The investigation targets include 17 construction companies that provided rebates to reconstruction associations and developers. These construction companies paid fabricated salaries worth hundreds of millions of won to the children of association heads as a reward for being selected as contractors for reconstruction projects, or paid tens of billions of won in financial costs such as loan guarantee fees that the developers should have borne. They also inflated service fees to demolition companies by tens of billions of won and then recovered part of the amount under the name of rebates.


The NTS stated, "In this investigation, we will thoroughly track the recipients of rebates such as association heads and developers to impose income tax and take strict measures such as filing charges under the Tax Crime Punishment Act for violations of tax laws, including receiving false service tax invoices."


The 16 pharmaceutical companies are suspected of providing rebates to medical professionals who monopolize the authority to prescribe drugs through various means. There were cases where they covered wedding expenses amounting to tens of millions of won, including wedding ceremony costs, honeymoon expenses, and gift costs for clinic directors and their spouses, as well as paying hundreds of thousands of won for luxury hotel accommodations. They also delivered high-end furniture and premium home appliances worth tens of millions of won to doctors' homes or hospitals. Another method involved registering the hospital director's spouse and children as shareholders of the pharmaceutical company and paying dividends worth tens of billions of won.


There were also cases of indirect rebate provision through sales agencies (CSOs). They created funds by paying false service fees to CSOs disguised under employees' family names and then provided rebates to medical professionals, or the CSO representatives received high salaries and withdrew cash to entertain medical professionals at nightlife establishments.

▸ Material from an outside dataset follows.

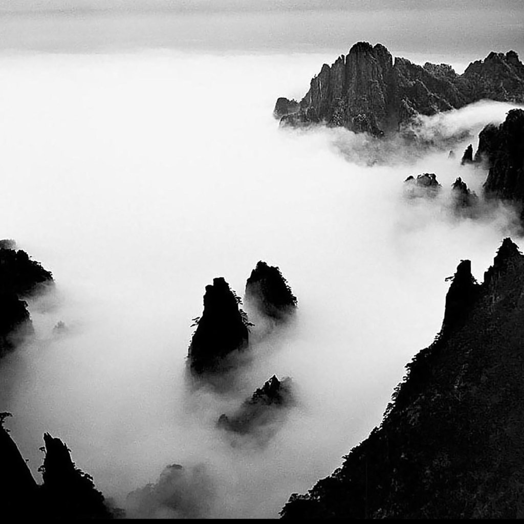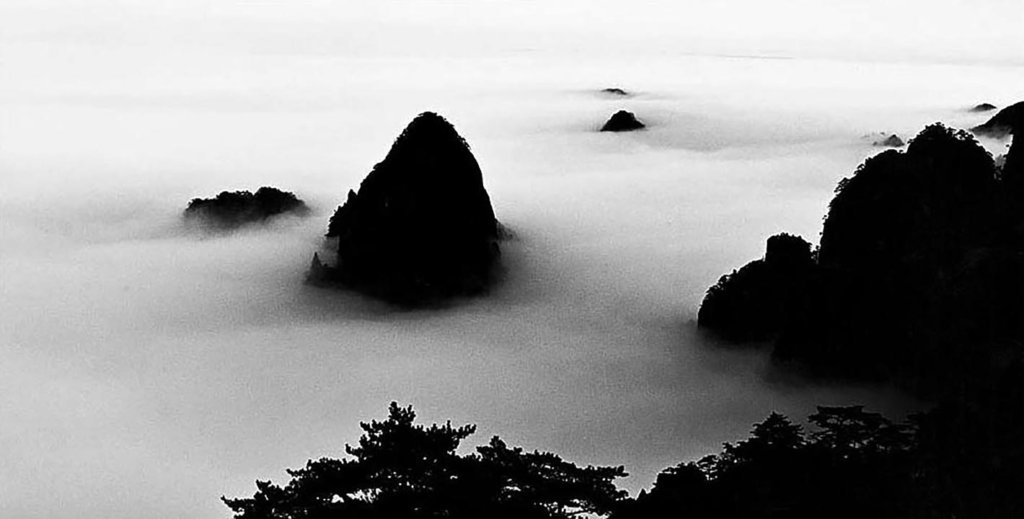 「私は再び眼前に神韻を帯びた黄山の光景が次々に浮かび上がるのを感じた。白黒のフィルムによる撮影に、中国古来の水墨画の持つ深い味わいに通じるものが表れている/東山魁夷」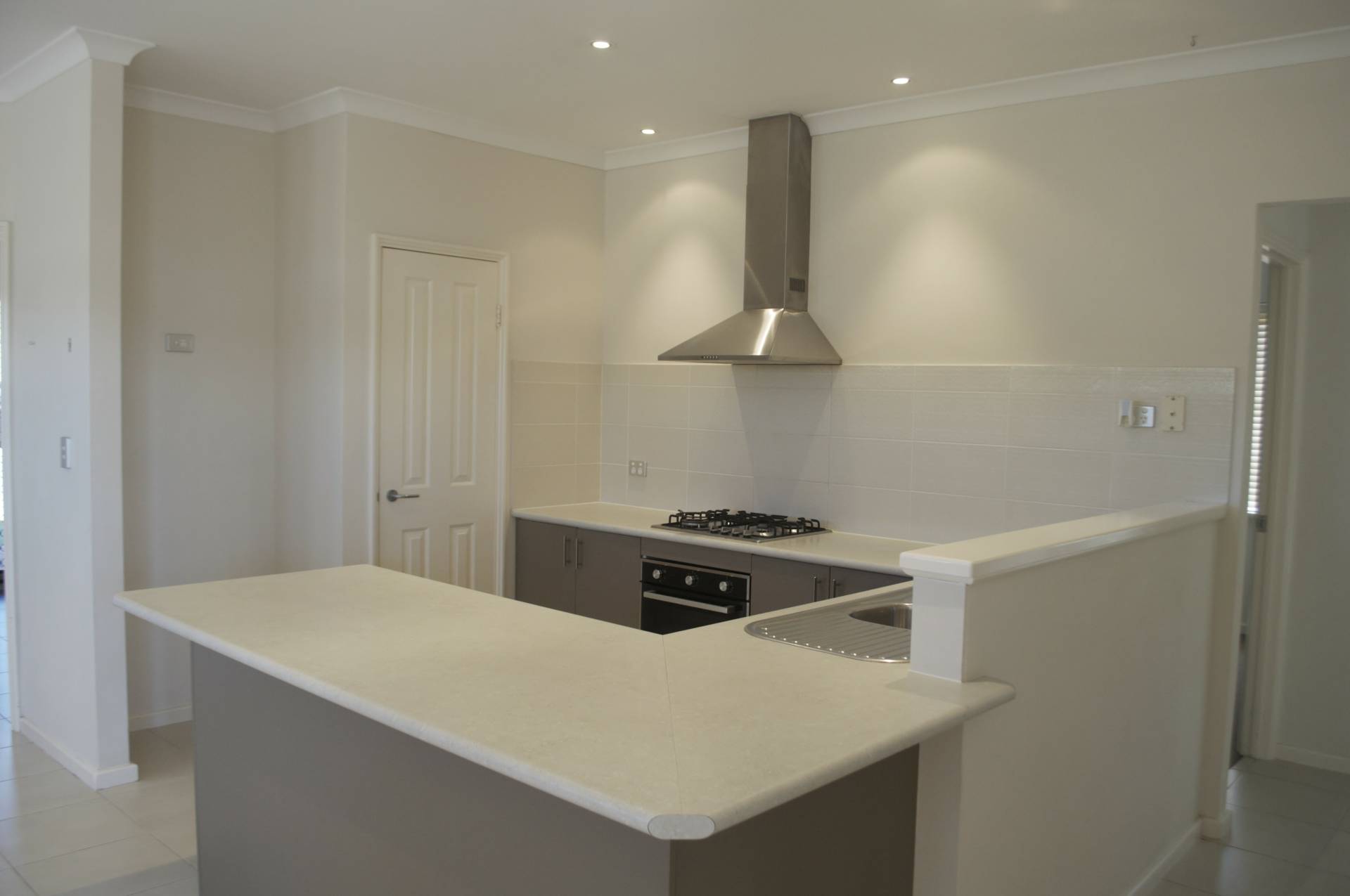 - U-shaped Kitchen that features a fridge recess, dishwasher recess, large pantry, tiled splashback, stainless steel appliances including gas cook top and rangehood

The 14 insurance brokerage firms are cases where rebates were paid to the owners and their families of corporations insured under CEO insurance. Recently, the CEO insurance market has rapidly grown due to the convergence of interests between insurance brokerage firms seeking ultra-high brokerage fees and small and medium-sized corporate owners trying to evade corporate and gift taxes. There were also reports that some insured corporate owners only received rebates and canceled the insurance prematurely.


The CEO insurance rebate investigation targets sold high-value corporate insurance and falsely registered the corporation's related parties, such as the representative and spouse, as insurance planners, paying rebates worth up to hundreds of millions of won. During sales, they induced clients by claiming, "Since the corporation pays high insurance premiums as expenses, corporate tax is reduced, and since children receive high planner commissions, it is effectively a gift from corporate funds without gift tax burden."


In this investigation, the NTS reported success not only in denying rebate expenses and imposing corporate tax on insurance brokerage firms but also in imposing income tax on owners and their families. The NTS added, "We will continuously monitor rebate practices in other sectors and thoroughly investigate socially harmful cases to eradicate antisocial rebate tax evasion."